German Health Minister Jens Spahn and his regional counterparts agreed on Friday that returning tourists would receive voluntary tests for free.

Merkel Chief of Staff Helge Braun said that health ministers would discuss today that controls would be mandatory.

“I think we will find a solution relatively soon,” said Braun, adding that action should now be taken to reduce the number of infections as it would be more difficult to control the spread of the disease in the fall and winter hold.

“Most of the time, it’s the thoughtful people who have been very cautious on their holidays anyway and take the voluntary offers, while the more careless aren’t taking a voluntary test,” Braun said.

The state of North Rhine-Westphalia has imposed on three airports, including Düsseldorf and Dortmund, for travelers coming from risk areas.

This includes popular holiday destinations such as Turkey and the United States, although Spain, France and Great Britain are not considered risky.

Health workers wearing protective suits today collect samples from a test station in Germany following a local outbreak on a cucumber farm site

Germany has seen a slight increase in the number of cases and recorded the highest weekly total since May, although the number is still below 1,000 per day

The death toll in Germany has not increased for two days and the country’s overall death rate is much lower than in the UK, Spain, France or Italy.

Munich Airport has also set up a test center and checks will now be offered at Bavaria’s two largest stations in Munich and Nuremberg.

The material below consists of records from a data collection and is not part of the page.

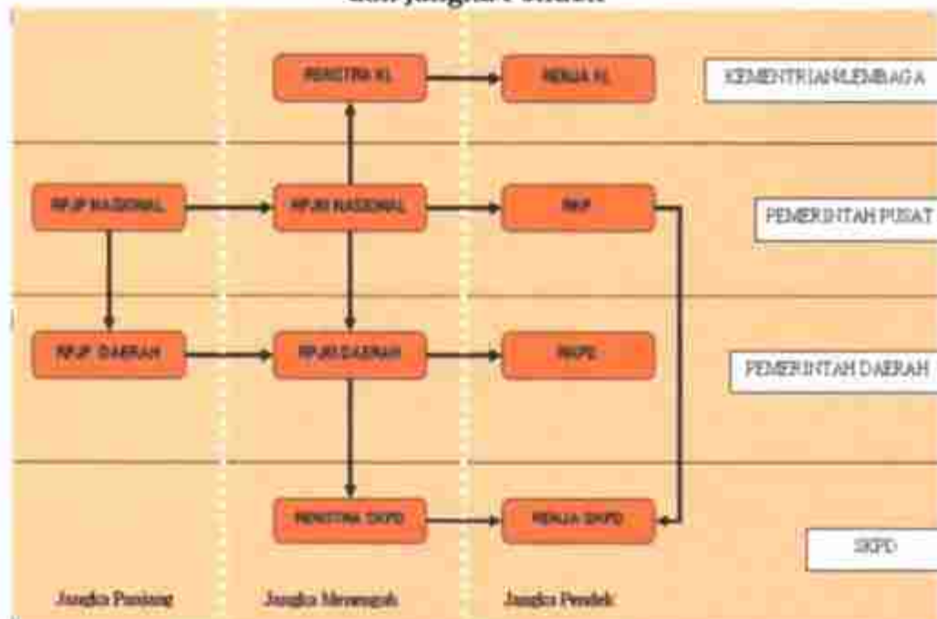
Gambar 1.2 Hubungan Antara Perencanaan Jangka Panjang, Jangka Menengah dan Jangka Pendek

Implementasi RPJMD setiap tahun dijabarkan dalam bentuk RKPD. Masing-masing Perangkat Daerah menyusun prioritas program tahunan, sehingga pencapaian tujuan lebih fokus, efisien, dan efektif. RKPD yang merupakan dokumen perencanaan jangka pendek disusun berdasarkan pertimbangan hasil Musrenbang yang dilaksanakan secara berjenjang.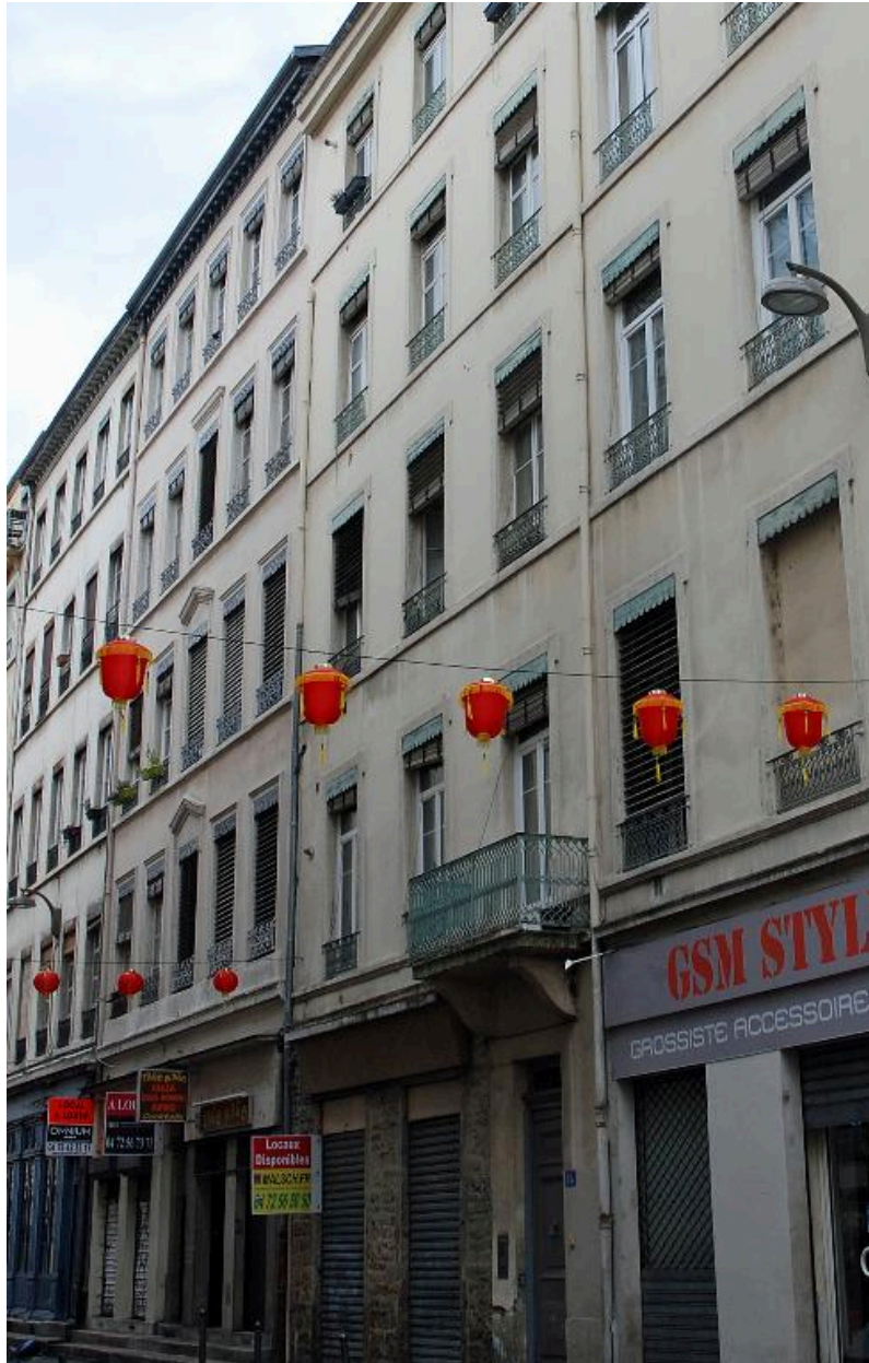
Immeuble sur rue, vue générale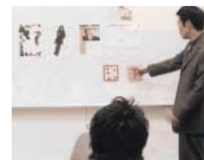
プロデューサーとしてファッションの基礎知識を習得する、ファッションコンテンツの授業風景

※チューリップ商品というのとはもともと「限定商品」の意味だったが、電気用品店などでは「古くなったので生産を中止した、在庫品として限定された商品」というように使われているようです。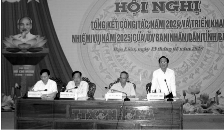
● Chủ tịch UBND tỉnh Bạc Liêu Phạm Văn Thiều phát biểu tại Hội nghị.

Tại buổi tọa đàm, các nhà khoa học đã giới thiệu đến đại biểu các nghiên cứu về giảm thiểu phát thải khí mê-tan từ những cánh đồng lúa, công cụ giám sát lúa gạo, thiết kế bản đồ phát thải khí mê-tan, cách đo mực nước và khí mê-tan phát thải... Theo các nhà khoa học, với phương pháp canh tác truyền thống, cây lúa được tưới ngập nước liên tục trong suốt chu kỳ sinh trưởng. Điều này tạo môi trường yếm khí tăng cường quá trình phân hủy chất hữu cơ, làm hình thành và giải phóng khí mê-tan. Tuy nhiên, phương pháp canh tác ngập nước không liên tục được chứng minh có thể làm giảm 40 - 50% lượng khí mê-tan phát thải và ít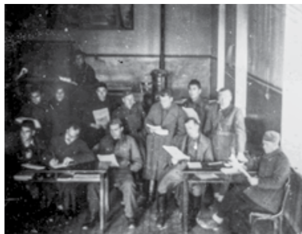
Офицерски курс во Скопје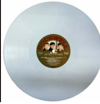
Abbildungen: Cover-Vorderseite, -Rückseite; Vinyl-Scheibe.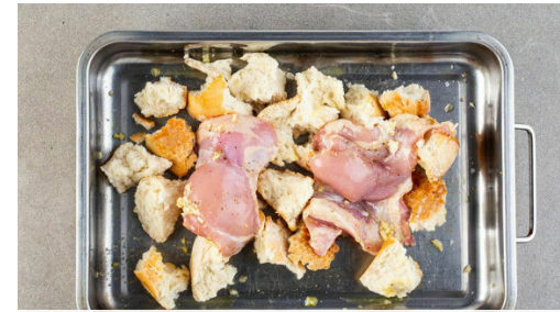
2. Fleisch und Brot backen

Den Backofen auf 220°C (200°C Umluft) vorheizen. Das Brot in grobe Stücke zerteilen. Den Knoblauch schälen und grob würfeln.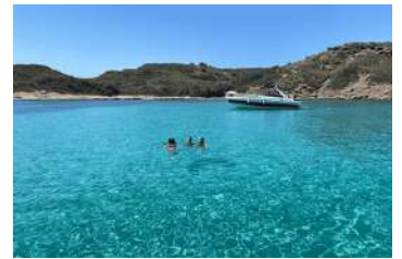
4. Cala Rambles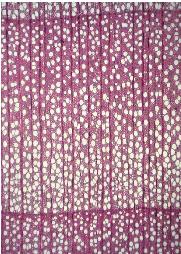
Abbildung 6: Elsbeere, Querschnitt; Mikrobild im Maßstab ~ 25:1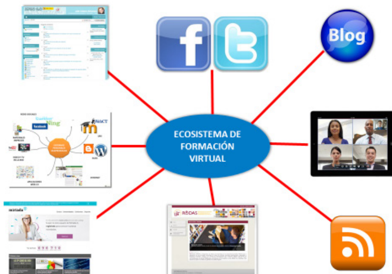
Figura 2. Ecosistema de formación virtual

Lo comentado hasta el momento, puede dar a entretener que no somos partidarios de la incorporación de los MOOC a la práctica educativa, muy al contrario somos partidarios de su incorporación, pero de una incorporación reflexiva y crítica, que los asuma como una tecnología más que los docentes tenemos a nuestra disposición para crear una verdadera escenografía virtual para la formación en la sociedad del conocimiento, y con la que las personas pueden acceder a la información. Dicho en otros términos de una tecnología más que la persona incorpore a su “entorno personal de aprendizaje”, y que al docente le permita crear un verdadero ecosistema para la formación virtual (figura 2).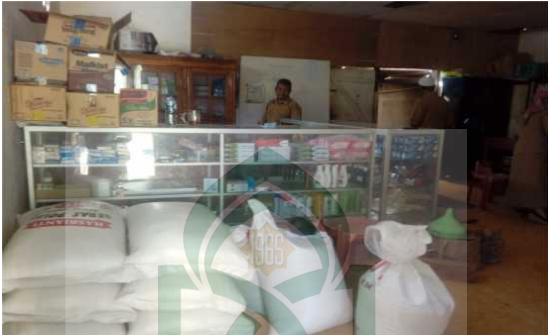
Gambar lampiram 1: Kondisi KPRI SMPN 1 Baraka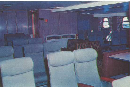
Le M.V. Gaspésien, vers 1960. L'aménagement intérieur est réalisé aux chantiers de la Davie à Lévis. Société d'histoire de la Haute-Gaspésie

pour effectuer l'embarquement et le débarquement des voitures; une trentaine à chaque traversée.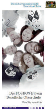
Abb. 8 Broschüre: Die FOSBOS Bayern

Quelle VIII: Bayerisches Staatsministerium für Unterricht und Kultus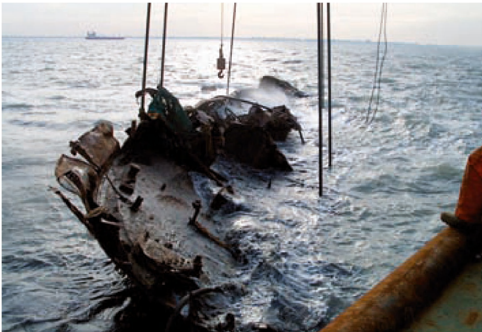
■ Die SMS Prangenhof wurde im Jahre 2002 an die Oberfläche gebracht

markiert wurden. Diese Inschriften sind von großer wissenschaftlicher und kultureller Bedeutung und können als die älteste hydrometrische Station der Welt (Ge Xiurun 2010) betrachtet werden.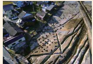
かんどくうけ 「神門郡家」(当時の役所) こしほんごう 古志本郷遺跡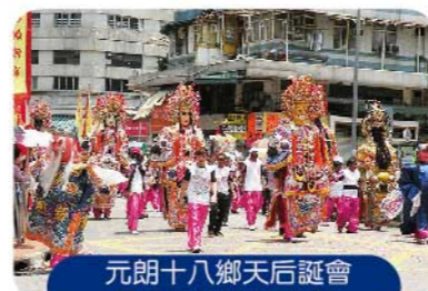
元朗十八鄉天后誕會 景巡中的巡遊隊伍

新一年無障礙調查工作又有新進展，就是西貢區的調查工作已完成。西貢區包括將軍澳新市鎮及西貢半島的郊區部份，範圍頗大，共調查了約一千二百個建築物項目。油尖旺及深水埗兩區的調查工作仍在繼續，兩個區已調查了不少建築物，油尖旺區已超過二千項，深水埗區也達一千多項。而新開展的調查區域為大埔區，大埔是本地近年大力發展的居民區，區內公共屋邨甚多，同時設有很多公園。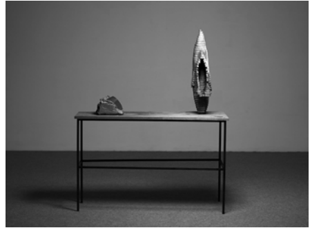
Marc Didou, Deux objets sur une table , 2003 Collection Frac Bretagne © Marc Didou

Né en 1963 à Brest (France) Vit et travaille à Lesneven (France)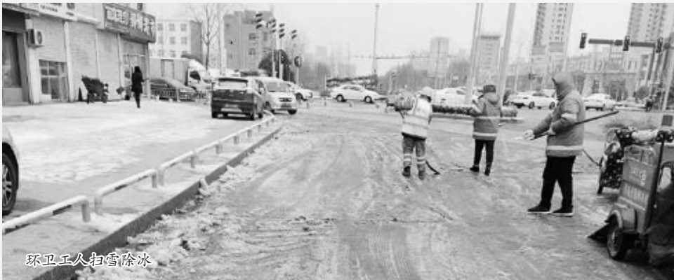
环卫工人扫雪除冰

“We can’t completely prevent corona, so the goal should be to detect it in time to keep it from spreading,” said Bavarian Prime Minister Markus Soeder.

“My concern is not that there will be one big Ischgl, but that there will be a lot of mini-Ischgls,” he added, referring to the Austrian ski resort that was an early European hotspot in March.

“We are already seeing this in Spain, but also in other places,” he said, adding that German residents’ trips to visit families abroad are also an issue.

Soeder also joined a growing chorus of test calls to become mandatory for vacationers returning to Germany.

“We are preparing everything so that if the federal government gives the green light, we can implement it immediately,” he said.

Amid the deliberations during the summer travels, about 500 workers were quarantined on a large Bavarian farm to stem a massive coronavirus outbreak.

At least 174 seasonal workers tested positive for the virus in the municipality of Mamming, most of them from Hungary, Romania, Bulgaria and Ukraine.

Soeder said on Monday that Bavaria would test all seasonal workers in the state and increase fines for farms that break the rules to £ 25,000 (£ 23,000).

Passengers await their check-in at Düsseldorf Airport in the state of North Rhine-Westphalia, which is responsible for many of the recent new cases in Germany

Germany saw 3,695 new cases of coronavirus last week, up from 2,770 the week before and the highest weekly rate since May.

In addition, the closely monitored R rate has been above the critical threshold of 1.0 for much of the past two weeks. The last digit is 1.22.

The Robert Koch (RKI) disease institute says the recent surge is “very worrying” and occurs in a number of states.

Nationally, there are many smaller incidents in different administrative districts, which are interrelated in different ways, for example, larger parties in the family environment, leisure activities, jobs, as well as community and health facilities.

In addition, Covid-19 cases are increasingly identified among people returning from travel outside Germany.

Michael Kretschmer, the prime minister of the eastern federal state of Saxony, warned that the second wave was already underway.

Kretschmer a member of Angela Merkel’s CDU party said “The second wave of coronavirus is already there.

“It is already happening every day. Every day we have new clusters of infections that can get very high. ‘

Germany has had a total of 205,609 cases and 9,118 deaths, a significantly lower death toll than in Great Britain, Italy, Spain or France.